Memoir of a Murderer
Memoir of a Murderer (Sal-in-ja-eu ki-eok-beob)
Directed by Won Shin-yun
Starring Sul Kyung-gu, Kim Nam-gil and Kim Seol-hyun
Screening at LFF October 9th, 10th, 2017

by Richard Hamer

Byung-su is a serial killer; or at least, he used to be. 17 years after his last killing, and suffering from severe dementia, he is a haunted man, living uncertainly between his present life with daughter Eun-hee and his murderous past. When several girls Eun-hee’s age are found dead, Byung-su’s grip on his memory loosens further: Can he catch the killer before his daughter comes to harm, or is he the killer? What happens in those moments when the memory fades, and time seems to skip? Where does he go?
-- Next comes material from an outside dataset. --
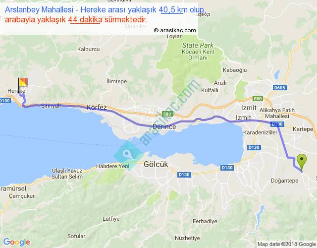 Arslanbey Mahallesi - Hereke arası yaklaşık olarak 90 km/h ile yukarıda belirtilen sürede olup, iki yerin kuş uçuşu uzaklığı (mesafesi) 34'dir. Yolculuk otobüsle 57 dakika sürmektedir.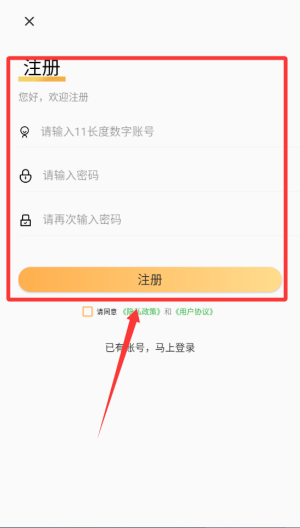 1、先输入手机号填上密码再次确认密码然后点击注册按钮。

So runs the premise of Memoir of a Murderer, a dark Korean thriller that practically begs lazy journalists to label it as the ‘new Memento’. And in many ways, the comparison holds: The set-up certainly bears similarities, and both share – despite the seriousness of the subject matter – that comic edge that comes from a thriller where your protagonist might forget who they’re chasing halfway through a chase.
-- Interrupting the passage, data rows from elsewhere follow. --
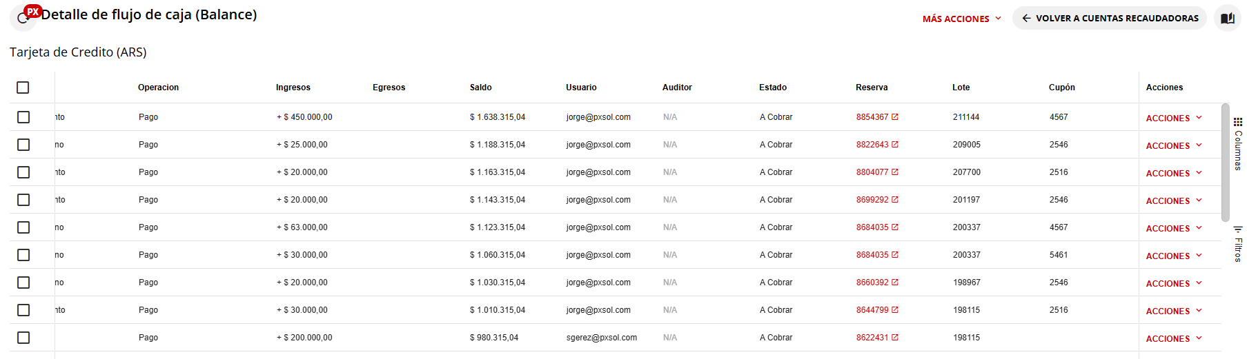 4- Se mostrará el listado de movimientos realizados dentro de dicha cuenta.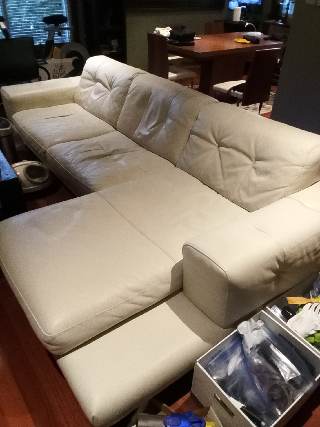 * the leather sectional sofa should worth $1000. purchased new from Mobilia for $ $4800 + tax= $5424.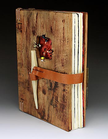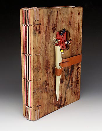 8 1/4 x 6 x 1 15/16 144 pages maple scraps glued together and milled to the boards leather and elk bone closure, h/o scale train characters Mohawk and marbled paper mica waxed linen thread $125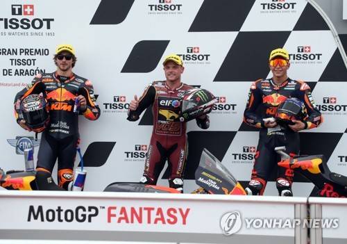 epa09461327 British Moto2 rider Sam Lowes (C) of ELF Marc VDS Racing Team celebrates his pole position with second placed Asutralian Remy Gardner (L) of Red Bull KTM Ajo and third placed Spaniard Raul Fernandez (R) of Red Bull KTM Ajo, after the qualifying for the Motorcycling Grand Prix of Aragon at MotorLand Aragon circuit in Alcaniz, Teruel, northern Spain, 11 September 2021. The Motorcycling Grand Prix of Aragon will be held on 12 September 2021. EPA/JAVIER CEBOLLADA

But largely, it’s its own beast: Memoir of a Murderer is a far more meandering piece, its every scene open to question. The order of events, whether some scenes, or indeed entire characters are hallucinations: Byung-su is the most unreliable of narrators, in an investigation that seems to get further from the truth the closer it gets to the finish. And this is actually the film’s chief criticism, and one that makes you appreciate anew the genius of Memento: That was a movie incredibly tidy in its storytelling, a fact that it exploited in a last-minute twist that caused you to question all that came before. Memoir of a Murderer, on the other hand, twists too much; when everything is in doubt, there is no-one for the audience to root for, no mystery to piece together. Left outside the story, the overriding feeling is that you are just watching a bunch of stuff. In its latter stages, Memoir of a Murderer even starts to drag: You become immune to its innumerable plot-twists, impossible to trick when you already assume everything is a trick.

There is still much to like: That impeccable sense of style and pitch-black humour you’d expect from a big-budget Korean thriller is present and correct, and all the performances – especially Kyoung-gu Sul as Byung-su – are highly watchable. Yet overall, Memoir of a Murderer is a disappointment: A well-made thriller, too in love with its own complexity. A stylish ride, but one where – ironically – you’ll struggle to remember the details.